I'm going to attempt to build on Ned's "the concept of crossing adminisrative
boundaries is centrol to where policy enforcment occurs and where rules
change, having a well-understood way to refer to it is HUGELY useful."
First, I think there might be a confusion between using different
perspectives. And end-user or end-user organization has one view of
email. An operator has another. It even depends upon which kind of operator.
The reference to the nature of the relationship between any two ADMDs,
such as originator/recipient (when there is no intermediary ADMD) is
one. A proxy filtering service ADMD and the recipient ADMD is
another. And so on.
The purpose of the ADMD construct is not to distinguish the specifics that
characterize these very, very different relationships, but to provide a
category in which these differences can be discussed. The UA/MTA
construct cannot capture this type of issue.
Your reference to the term "border MTA" or "border gateway" demonstrates
that there is something going on at a different level than merely
MTA-MTA. And it well might be that the term needs to be elevated in the
discussion of ADMD.
The Border is a special ADMD boundary, one in which there is no prior
relationship. You define the term "Edge" on page 12 to mean something
similar, but Fig. 4 shows an Edge between two related ADMDs. (From now on,
I will assume that a "Transit ADMD" must be related to one side or the
other. If not, we need an example.)
To keep things simple in Fig. 4, I would associate ADMD2 with ADMD3 and
draw the Border at ADMD1. However, if ADMD2 is in reality associated with
ADMD1, then the Border would cross both of the two lines going into ADMD3.
I see that songbird.com has an SPF record authorizing one server at
208.184.79.7, not the one that sent your message!! Oh well, let's hope
my spam filter doesn't trip on your choice of words or some minor errors in
the headers. Let's also hope that songbird.com will correct (or delete)

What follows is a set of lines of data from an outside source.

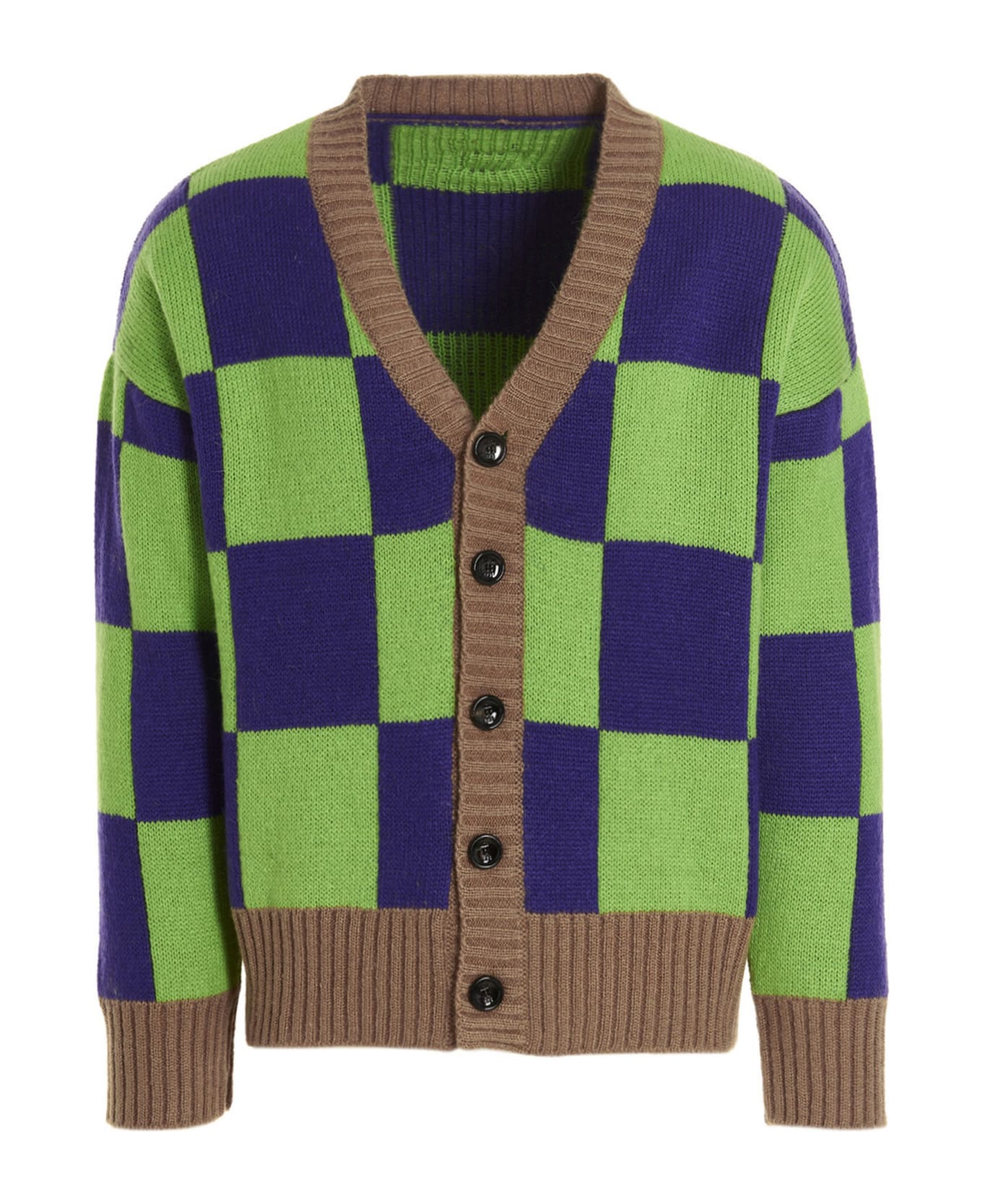 'Checkerboard' wool blend cardigan with button closure and long cuffed sleeves.
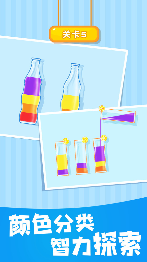 《倒水大师》是一款趣味益智游戏,游戏中有着十分丰富的关卡,玩法规则十分简单,玩家需要将玻璃杯中的水按照颜色进行分类排序,让不同颜色的水聚集到同一个玻璃杯中,一个具有挑战性且令人放松的游戏来锻炼您的大脑!
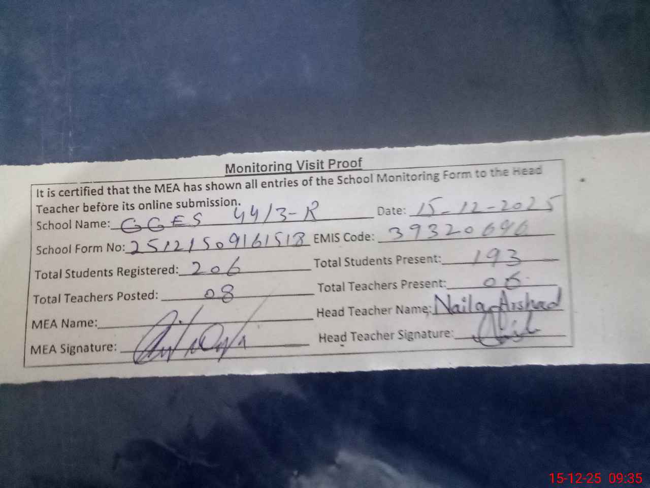 | Attendance Register | Head Teacher | MEA with School | Visit Proof |

its SPF record before losing too much mail.
This is the kind of problem that I believe results from confusion over
Songbird's role as a Border MTA. The Border is not between you and
Songbird, regardless of their "independence". Songbird is your agent, and
you have a choice of many such agents who don't have a problem publishing a
correct list of their authorized transmitters.
In fact, this split between local (edge) email services and an ESP or
transit provider is quite common.
Indeed you cited three common scenarios: "a large ISP, a small email
service, and a professional association, all forwarded to a private
mailbox at his own company". None of these is part of your organization
or subordinate to it, though of course there is cooperation. But there
is also independence.
They may be independent, but they are part of my network.
No they are not. They are part of an integrated service in which you
participate. The relationship between you and the other provider is
important, but it does not make them part of your network, except perhaps
for a non-technical use of the word network.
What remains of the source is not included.